Minha dúvida é: existe uma maneira legal de eu pedir um prazo maior para efetuar o pagamento desta dívida ou estarei confinada a ter meu nome incluído no cadastro de Serviço de Proteção ao Crédito? Por favor, me socorra! Desde Já agradeço a atenção.
Isso realmente demonstra a falta de respeito ao consumidor no sentido de um melhor atendimento. Independentemente dos valores devidos, junte todos os extratos de movimentações, faturas pagas, a fim de realizar uma perícia contábil que demonstrará com clareza as cobranças e abusos cometidos que desrespeita a nossa legislação vigente.
Para isso deverá procurar um profissional habilitado para realizar esta perícia contábil, e posteriormente um advogado para ingressar com uma ação revisional de valores. Agindo desta forma você estará recebendo em dobro tudo àquilo que foi pago a mais conforme determina o Código de Defesa do Consumidor.

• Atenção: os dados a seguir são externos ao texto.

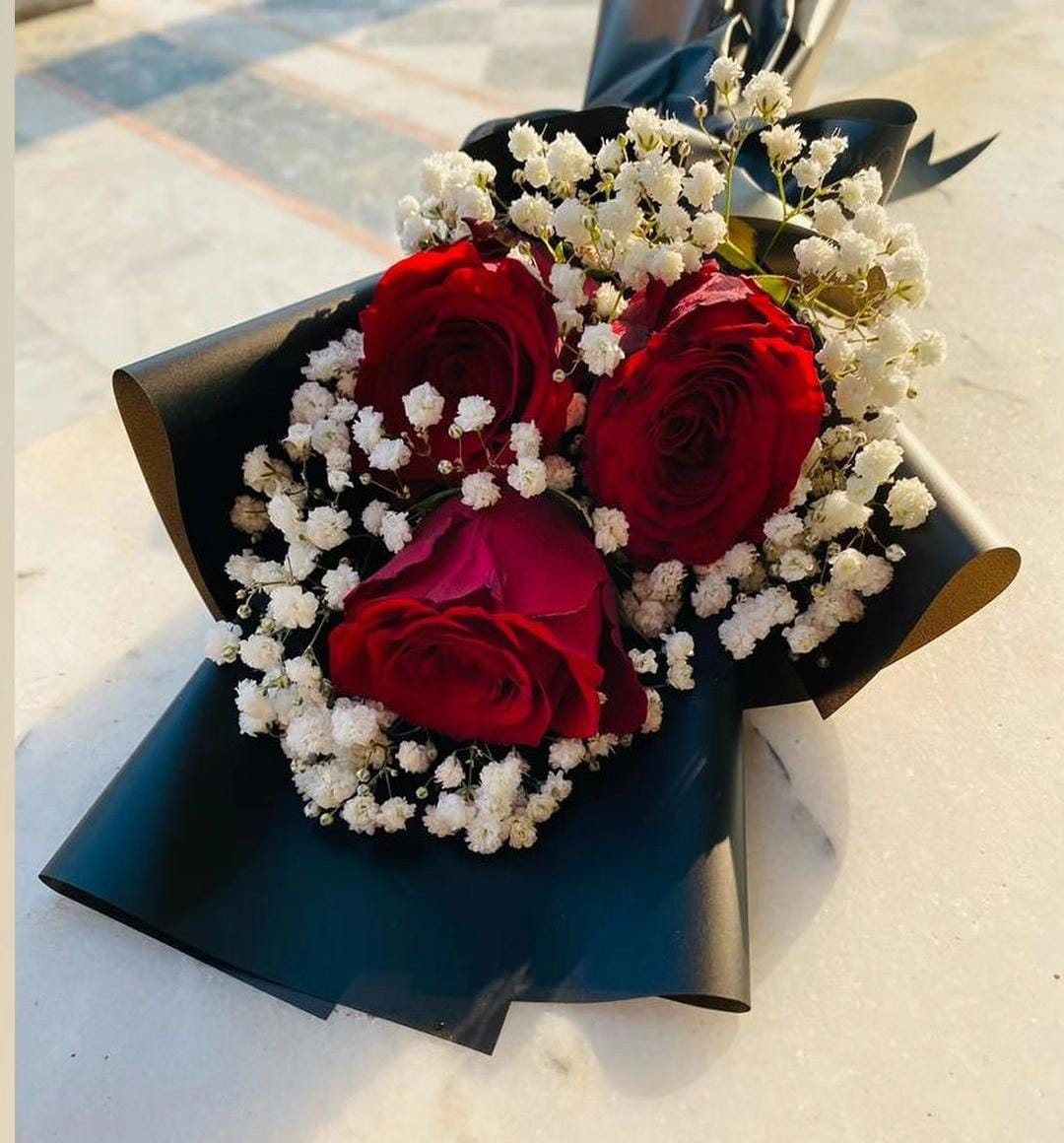 Express love with Royal Red Roses and delicate baby’s breath. A luxurious hand-tied bouquet, perfect for anniversaries, birthdays & special moments.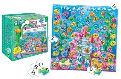 Learn letters and beginning letter sounds by matching colorful fish cards to the correct letters or images on the aquarium game board. Three ways to play: match uppercase letters to each other, match uppercase letters to lowercase letters, or match letters to pictures of things with that beginning letter sound. Includes large game board, game cards, markers, and directions.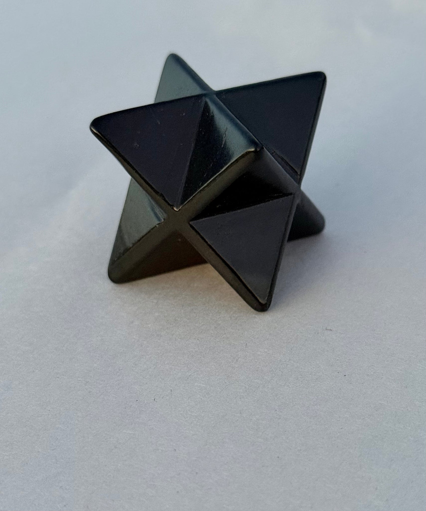 The Merkaba shape—formed by interlocking tetrahedrons—is often associated with balance, alignment, and the integration of opposing forces. In shungite, it takes on a distinctly grounding and stabilizing quality.
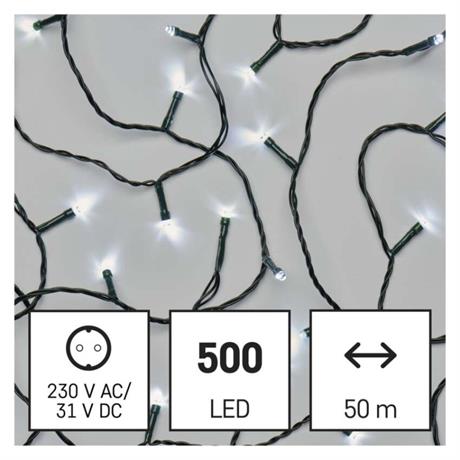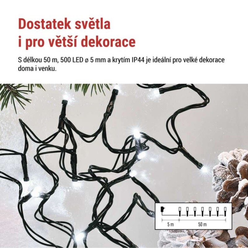 EMOS LED vánoční řetěz, 50 m, venkovní i vnitřní, studená bílá, programy, časovač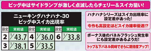 ハナハナシリーズ同様、今作もビッグ中のスイカ確率に設定差がある模様だ。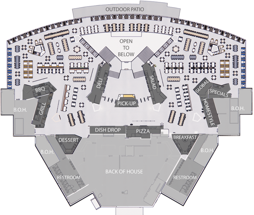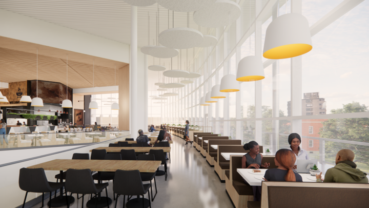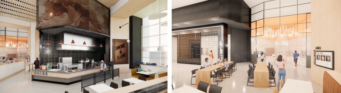 A new experience will take the place of a more central servery with seven diverse stations—ranging from pizza and barbecue to deli favorites, fresh salads, global cuisine, southwest flavors and desserts. An open layout spreading into the seating areas with clear sightlines invites movement, while contemporary finishes and natural light through floor-to-ceiling windows reframe the hall as a bright environment, bringing greater energy to campus life.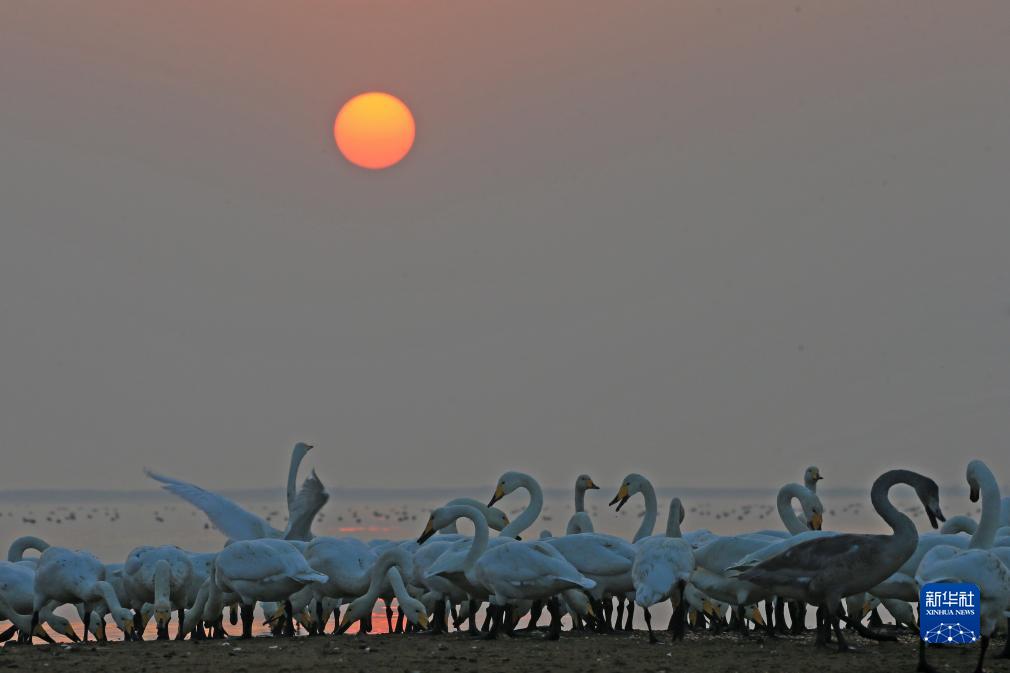 這是10月25日清晨拍攝的山東省榮成市天鵝湖景色。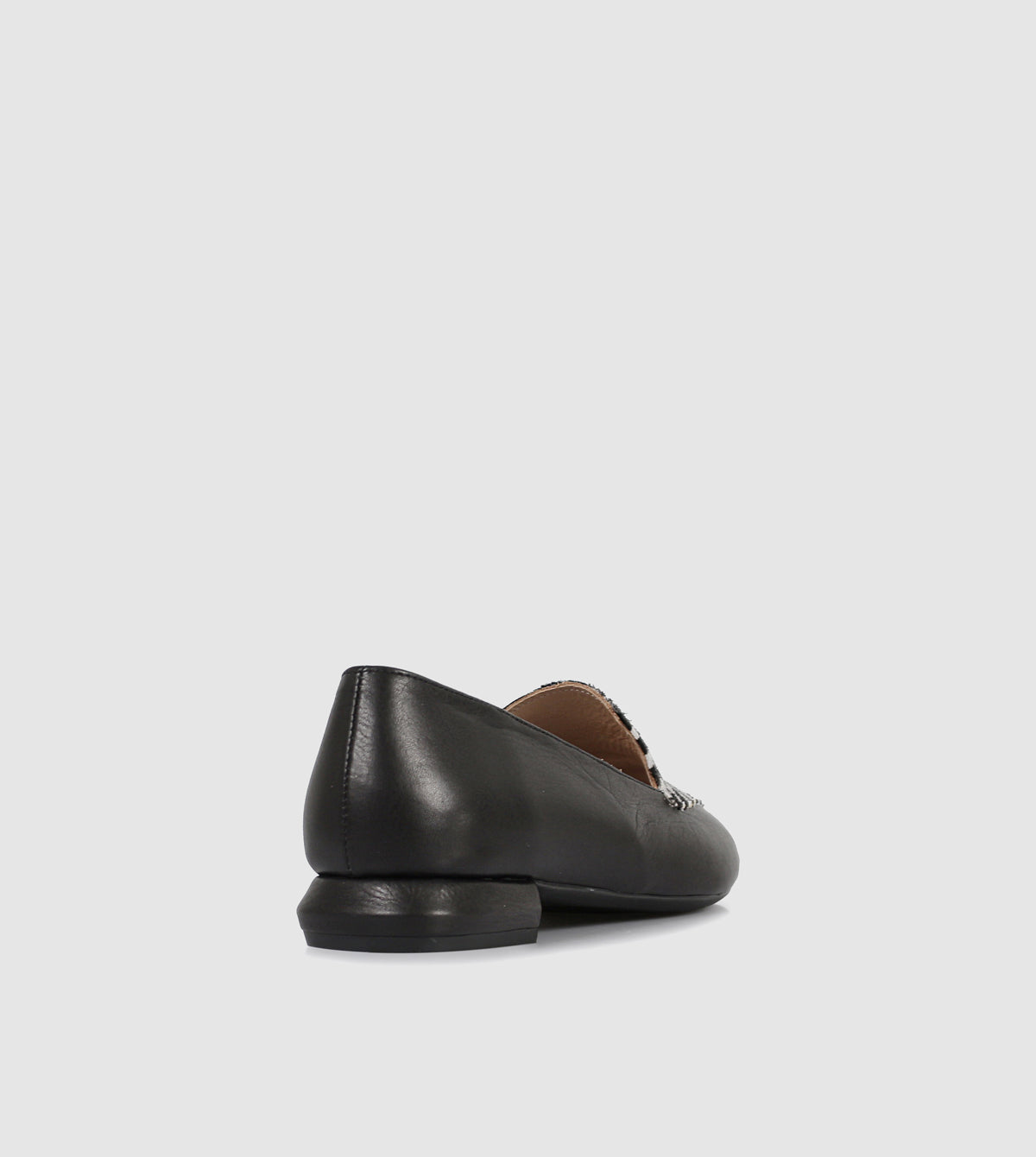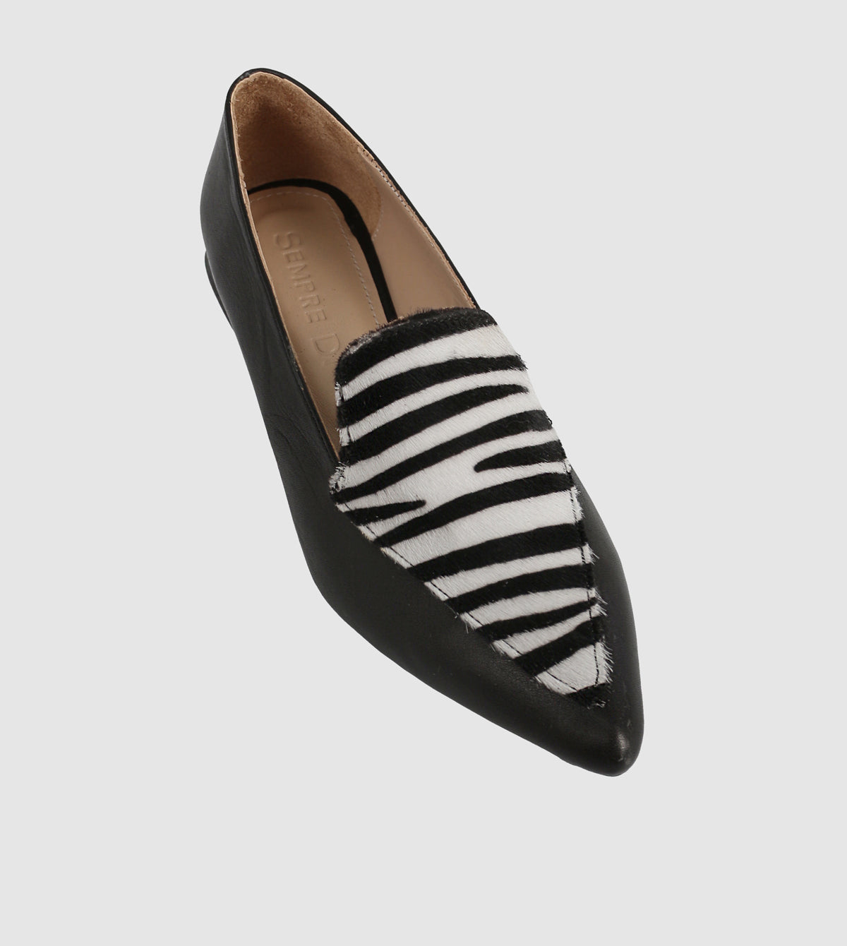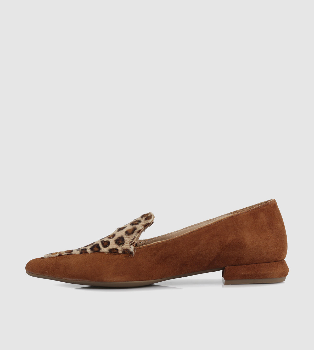 The Nylah Court Shoes by Sempre Di bring playful sophistication to classic styling. Crafted from soft suede, these flats feature a bold animal print vamp that contrasts beautifully with the smooth body of the shoe. The pointed toe adds a sharp, feminine edge, while the low-profile heel ensures all-day comfort.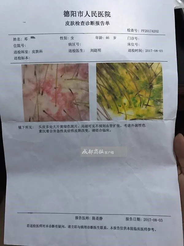หญิงจากมณฑลเสฉวนประสบเหตุสุดช้ำ ไปร้านเสริมสวยแห่งหนึ่งเพื่อหวังย้อมผมให้เป็นสีเขียวเหลือบเทา โดยช่างใช้เวลาทั้งหมด 7 ชั่วโมง และทีการย้อมกัดสีผมถึง 4 ครั้ง จนหนังศีรษะของเธอถูกทำลายเสียหาย ต้องโกนผมทิ้งหมดทั้งศีรษะ ทางช่างได้แจ้งเธอว่า ตอนย้อมครั้งแรกสีผมไม่ติด พอย้อมครั้งที่ 2 เริ่มมีอาการปวดแสบ แต่ช่างบอกว่าเป็นเรื่องปกติเธอจึงปล่อยให้ทำต่อไป ก่อนจะย้อมครั้งที่ 3 อาการแสบหนังศรีษะเริ่มหนักขึ้น เธอเลยแย้งว่ามีบางอย่างผิดปกติกับยาย้อมผม แต่ช่างก็ยังคงบอกว่าเป็นเรื่องปกติ และยังคงย้อมสีต่อไป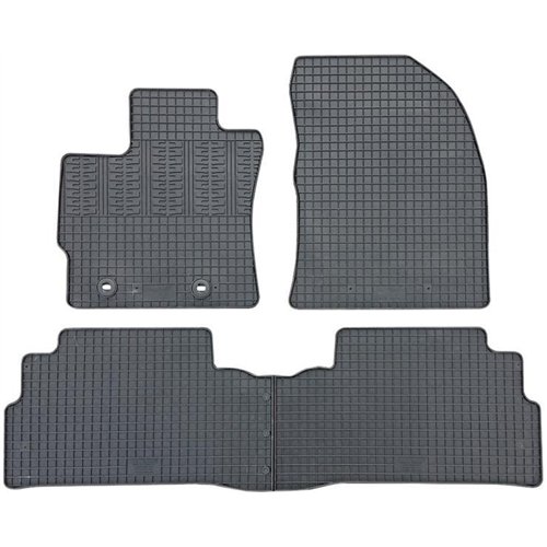 Serie completa 4 tappeti (anteriori+posteriori) in gomma di alta qualità, inodore e facili da pulire. Realizzati su misura: proteggono perfettamente il pianale della vettura senza ricorrere ad adattamenti. Con bottoni in plastica per il fissaggio ai fix point originali del veicolo. Per TOYOTA Verso 09>15, 15> (AR20).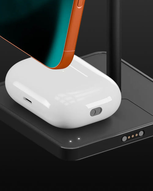- Eine zweite Qi-Spule an der Basis ermöglicht die gleichzeitige Stromversorgung eines zweiten Geräts, z. B. eines Kopfhörers.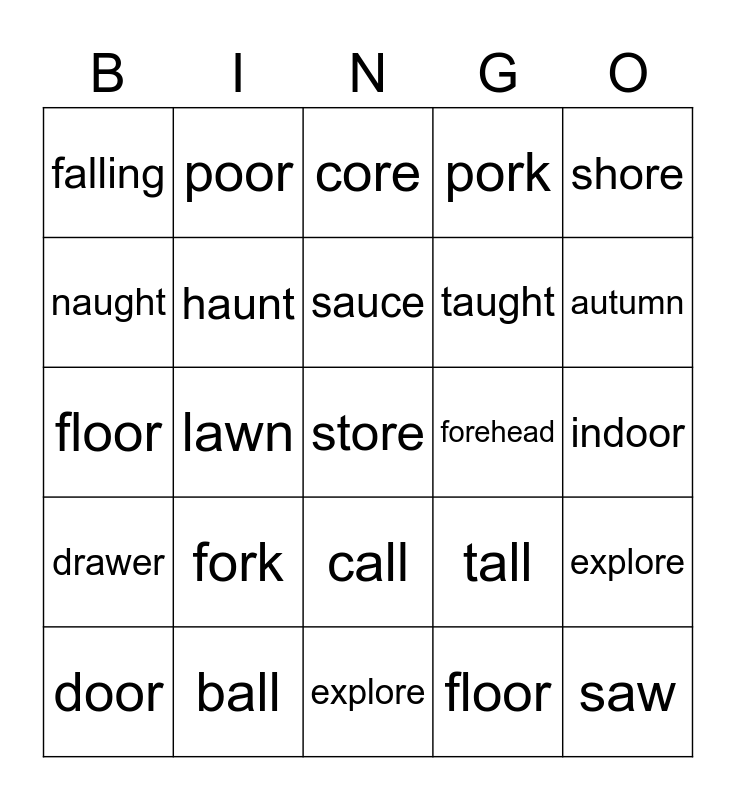 This bingo card has a free space and 24 words: fork, ball, sauce, door, shore, falling, naught, poor, forehead, call, taught, floor, tall, explore, haunt, floor, indoor, core, autumn, lawn, saw, drawer, pork and explore.

Em recente decisão judicial, foi determinado que administradora de cartão de crédito reduza a taxa de juros remuneratórios, limitando-a em 12% ano, e que esta taxa seja capitalizada anualmente, e não mensalmente, como é praxe deste tipo de empresa. E mais, ficou reconhecido que a tal empresa não são instituições financeiras.
Portanto, se uma instituição financeira, para funcionar regularmente, necessita de prévia autorização do Banco Central, e se às administradoras de cartões de crédito é garantido o funcionamento sem tal chancela, então, é porque evidentemente não se revestem da qualidade de instituição financeira e, portanto, não estão ao abrigo da famigerada Lei nº. 4.595/64 – (Dispõe sobre a política e as instituições monetárias, bancárias e creditícias, cria o Conselho Monetário Nacional e dá outras providências).
Ainda, determinou a devolução de todos os valores pagos de forma indevida, visto que, reconhecendo entendimento jurisprudencial dominante, afirmou não carecer o consumidor provar o erro no pagamento voluntário de quantia indevida, ou seja, basta a cobrança ilegal para possibilitar a devolução daquilo que foi pago.
Quanto à questão de se sentir compelida de seu nome ir parar nos órgãos de proteção ao crédito SERASA ou SCPC, esta é, sem dúvidas, mais uma arma que eles têm para coagir e compelir os consumidores inadimplentes, portanto, tudo que estiver sob discussão judicial, o credor não poderá ficar com o nome no rol de inadimplentes. Exerça seus direitos e não se intimide, assim estará contribuindo para melhorar a relação de consumo entre fornecedores e consumidores.